AVAILABLE DATA Block Start

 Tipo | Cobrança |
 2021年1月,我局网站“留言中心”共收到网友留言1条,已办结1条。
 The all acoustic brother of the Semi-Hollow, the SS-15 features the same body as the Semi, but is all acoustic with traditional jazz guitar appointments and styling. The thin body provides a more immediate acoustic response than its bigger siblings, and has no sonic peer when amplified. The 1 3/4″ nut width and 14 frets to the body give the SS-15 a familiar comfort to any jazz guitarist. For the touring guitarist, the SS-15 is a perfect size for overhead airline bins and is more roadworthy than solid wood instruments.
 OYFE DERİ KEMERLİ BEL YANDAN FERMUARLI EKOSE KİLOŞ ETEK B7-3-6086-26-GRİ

AVAILABLE DATA Block End
AVAILABLE DATA Block Start

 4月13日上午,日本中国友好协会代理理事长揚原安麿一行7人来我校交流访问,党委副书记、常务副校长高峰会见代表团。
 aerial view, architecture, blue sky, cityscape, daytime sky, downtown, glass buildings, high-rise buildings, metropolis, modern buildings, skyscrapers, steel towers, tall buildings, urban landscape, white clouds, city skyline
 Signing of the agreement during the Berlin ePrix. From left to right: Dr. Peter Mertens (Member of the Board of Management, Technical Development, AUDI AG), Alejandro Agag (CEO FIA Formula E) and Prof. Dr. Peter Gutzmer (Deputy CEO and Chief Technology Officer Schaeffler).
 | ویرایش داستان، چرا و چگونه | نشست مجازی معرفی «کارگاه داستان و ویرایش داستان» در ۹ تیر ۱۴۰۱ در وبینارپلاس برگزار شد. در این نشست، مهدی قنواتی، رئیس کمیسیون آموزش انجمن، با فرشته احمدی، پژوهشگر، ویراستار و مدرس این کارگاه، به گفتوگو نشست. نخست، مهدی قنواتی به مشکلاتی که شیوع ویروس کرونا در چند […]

AVAILABLE DATA Block End
AVAILABLE DATA Block Start

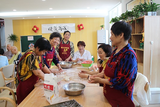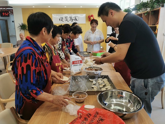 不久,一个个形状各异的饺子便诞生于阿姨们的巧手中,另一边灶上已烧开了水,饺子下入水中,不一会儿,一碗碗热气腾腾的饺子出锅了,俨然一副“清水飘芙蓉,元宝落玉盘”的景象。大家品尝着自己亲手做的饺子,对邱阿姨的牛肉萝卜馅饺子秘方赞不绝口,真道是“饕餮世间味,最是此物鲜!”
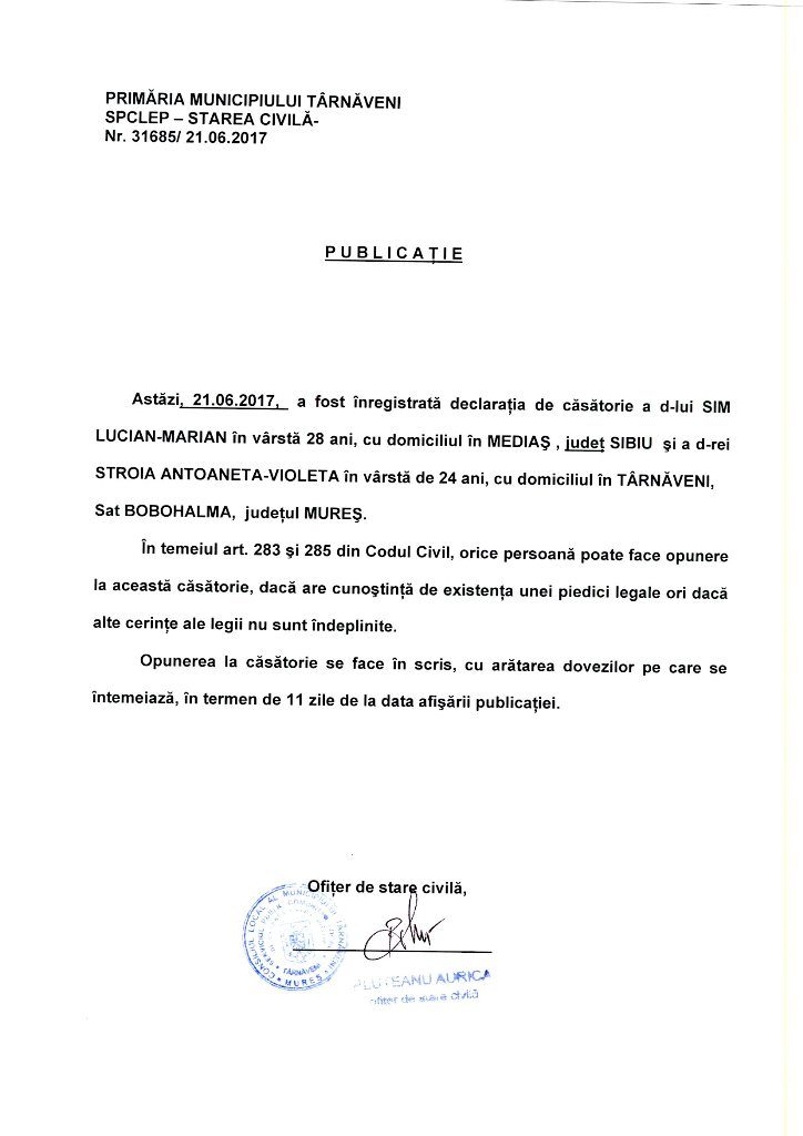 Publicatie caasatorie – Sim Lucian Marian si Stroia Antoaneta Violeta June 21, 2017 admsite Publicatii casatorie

AVAILABLE DATA Block End

_TASK STATEMENT_
Begin at the line above that has "The all acoustic" and stop after the line that has "OYFE DERİ KEMERLİ", copying each line exactly and adding nothing else.

_EXERCISE RESPONSE_
 The all acoustic brother of the Semi-Hollow, the SS-15 features the same body as the Semi, but is all acoustic with traditional jazz guitar appointments and styling. The thin body provides a more immediate acoustic response than its bigger siblings, and has no sonic peer when amplified. The 1 3/4″ nut width and 14 frets to the body give the SS-15 a familiar comfort to any jazz guitarist. For the touring guitarist, the SS-15 is a perfect size for overhead airline bins and is more roadworthy than solid wood instruments.
 OYFE DERİ KEMERLİ BEL YANDAN FERMUARLI EKOSE KİLOŞ ETEK B7-3-6086-26-GRİ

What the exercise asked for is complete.